1) Add the full path of the i915kms module in /etc/rc.conf:

kld_list="/boot/modules/i915kms.ko"

2) Add (as root) your user to the video group:

# pw groupmod video -m <your user name>


----------



## jamicon (May 10, 2020)

PMc said:


> Sorry, I do not find the reason for the failure here.
> Please try this and tell us what You see:
> 
> 
> ...



You were right.



meine said:


> 1) Add the full path of the i915kms module in /etc/rc.conf:
> 
> kld_list="/boot/modules/i915kms.ko"
> 
> ...



I did as you said. After rebooting, you still have to log in to the console and write startx.


----------



## meine (May 10, 2020)

jamicon said:


> After rebooting, you still have to log in to the console and write startx.



Login at the console and then type `startx` is the basic way, which most people will use.

If you like a graphical way of logging in and starting X, follow this instruction: https://cooltrainer.org/a-freebsd-desktop-howto/#starting-x. To make this work you have to install x11/slim as well. The rest is described on the linked page.


----------



## jamicon (May 10, 2020)

Thanks for the help. I read the article:








						A FreeBSD 11 Desktop How-to
					

A guide to a full-featured modern desktop FreeBSD installation




					cooltrainer.org
				



Unfortunately, I did something wrong, or https://translate.google.com/ did not translate correctly.

What kind of files do you need to show again?


----------



## meine (May 10, 2020)

jamicon said:


> What kind of files do you need to show again?

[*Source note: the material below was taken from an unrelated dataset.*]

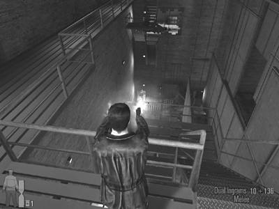 子弹时间的灵感来源于《黑客帝国》中尼奥不可思议的规避和动作技巧。二代中,当子弹时间模式开启,画面色调将由真实鲜明的色彩转换成为一种以灰白为基调的超现实主义风格,所有的物体运动在玩家眼中都如同慢镜头。你可以清楚地辨析出所有枪械的射击弹道、子弹飞行方向甚至弹药类型。沙漠之鹰沉重的击发声响、英格拉姆密集的子弹雨帘、霰弹枪爆裂迸出的细小颗粒、卡拉什尼科夫暴风般凶猛的火舌和狙击步枪华丽无比的子弹跟随视角……足以使游戏中的枪战场面成为一席视觉盛宴。

Don't know what you mean...


----------



## jamicon (May 10, 2020)

I'm apparently doing something wrong.


----------



## SirDice (May 11, 2020)

You will need to install and configure a display manager if you want X  to start at boot. 

Common display managers:
x11/xdm
x11/slim
x11/sddm


----------



## jamicon (May 11, 2020)

I installed slim.
P.S. Forum checks my posts for a long time:


> This message is awaiting moderator approval, and is invisible to normal visitors.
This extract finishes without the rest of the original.